The constant need of television news for spectacle, the magnifying effect of the Internet, and my own unfortunate reaction to a charged situation combined to produce enduring images of how not to handle yourself on camera.
What happened? The short answer is I let my frustration get the best of me. In the heat of the moment, I lost sight of the critical fact that my actions were no longer solely personal to me, but needed to reflect the values of numerous others whom I was representing.
Do I regret it? You bet I do.
In those few seconds I managed to lose sight of everything I have learned in 25 years of public relations. Because I reacted as I did, I made a bad situation worse. My boss at the time made the point with understated aplomb. “You could have behaved with greater reserve,” he said.
The fundamental rule I violated is this: It’s never about you.
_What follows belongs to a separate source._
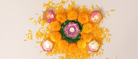 Top view overhead clay lit Diya or oil lamp and yellow flower, studio shot on concrete background, Decoration of Hinduism rangoli, Happy Deepavali or Diwali festival concept

In public relations, as so many PR professionals reading this blog will know, you can’t take criticism personally. When you lose your objectivity, your effectiveness goes with it.
But to maintain professional equilibrium in tense circumstances you have to know something about who you are, otherwise you might surprise yourself, as I did, with behavior you hardly knew you were capable of.
Friends have said how unlike me it was to react as I did. But it was me who reacted that way, not anyone else.
My surprise and dismay at my own behavior has led me to do some serious, and helpful, soul searching. For those who may have had a similar experience, or hope to avoid one, I recommend Naomi Quenk’s book about personality types, “Was That Really Me?”
Besides the confrontation on film, my experience entailed a confrontation with myself and one with the tenets of my profession. It caused me to look closely at the reasons I care about public communication and to recall that which drew me into the profession to begin with was the vitality of its contribution to social change.
As public relations practitioners, our stock in trade consists of the narratives we fashion from the events of the day. We are workers in story.
Because so much of our ability to shape the world around us depends upon narrative perspective—“framing” as we have come to call it—it helps to be aware of how we frame our own histories and purposes, the assumptions we take for granted about ourselves as we frame the narratives of our own lives simply by living them every day.
The organizational development theorist Margaret Wheatley wrote that communication matters because information exchange is necessary to life. Bodies continually exchange information with their environment to gauge the changes they must make in order to maintain their integrity.
As I have learned, to be effective, we must be exquisitely attuned to our faults as well as our strengths. Paradoxically, changing is the only hope any of us has of being who we are.
And as for the eternity of the Internet? Take it from me: Immortality is not all it’s cracked up to be.